His friends were people that he got to work on undermining teachers with him.
After a year he ran away from home, got as far as the West Coast, reluctantly
returned when his parents said he could leave school, and dropped out to get
his GED after returning. After that he went straight to college, grad school
for a couple of years and then dropped out, went into software development.
AFAIK his antisocial and even criminal behavior fortunately stopped after high
school.

He got away with pretty much everything while he was still in high school.

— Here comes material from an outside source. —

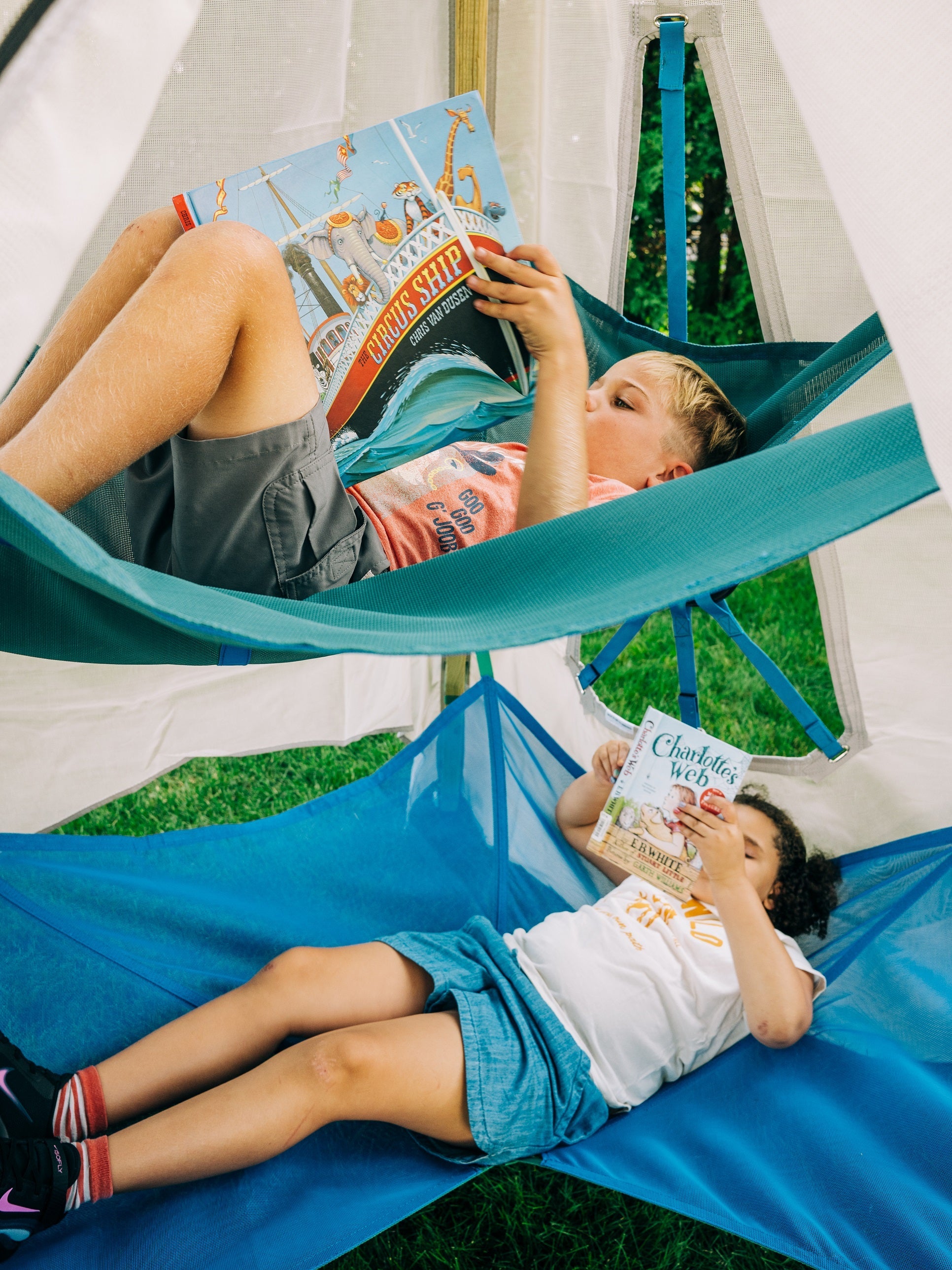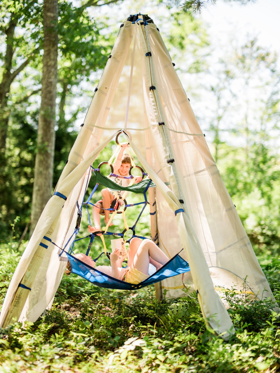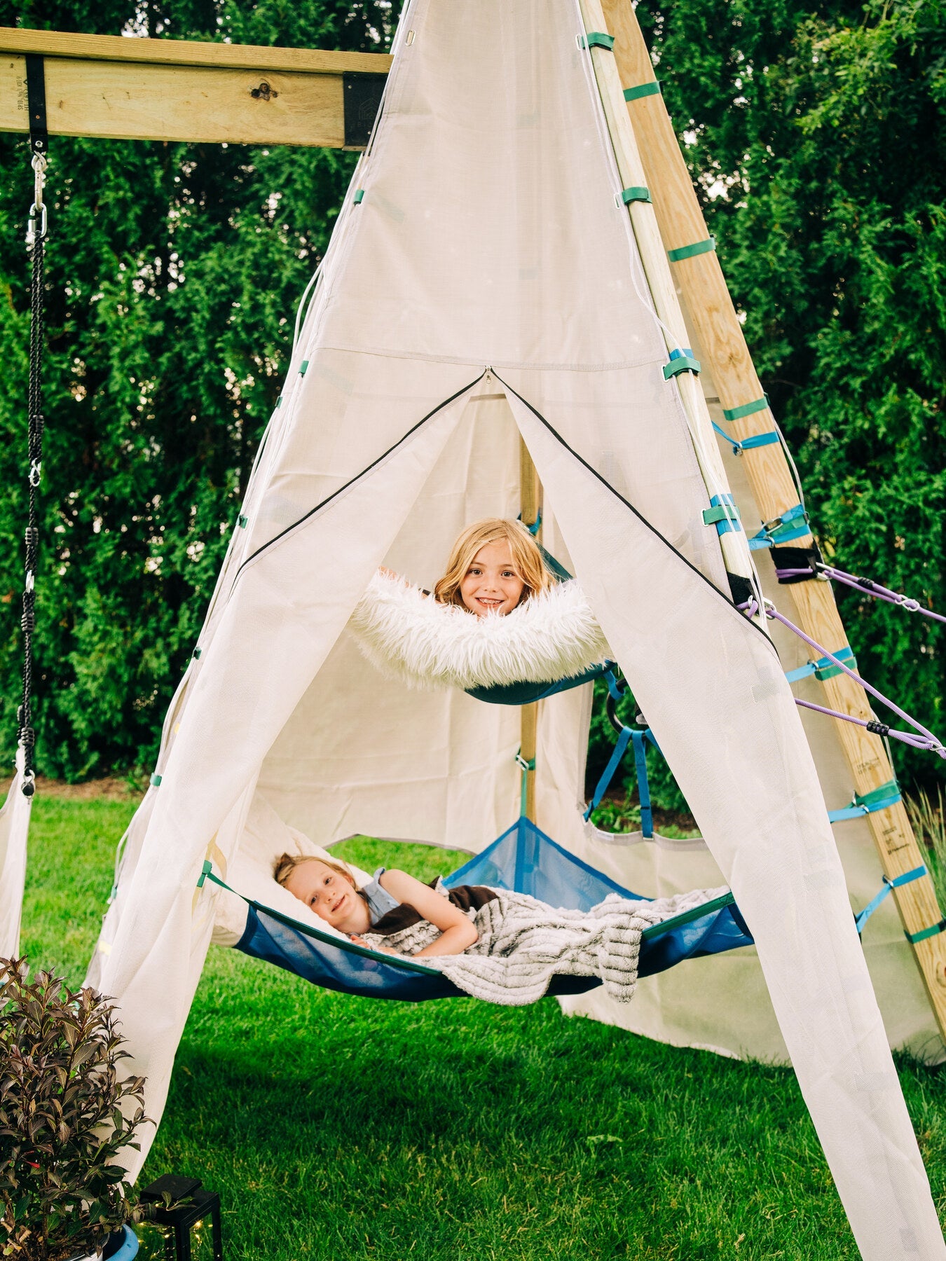 It includes five stainless steel safety carabiners and features double box stitching, just like the original. The Next Level can support weights of up to 250 lbs (113 kg). While it has a smaller opening than our main platform for added safety, the hangout area is just as impressive.

This was in an affluent majority-white suburb, and his family was even higher
income than the area average. Still it seems that teachers had little power to
reign in his antisocial behavior.

What can we do with school-aged children who have no interest in learning and
actively sabotage the educational opportunity for students who show up willing
to learn? I don't know. But policies that keep them in school alongside
willing learners are not helping. Teachers shouldn't have to be good
babysitters and jailers in addition to being good teachers.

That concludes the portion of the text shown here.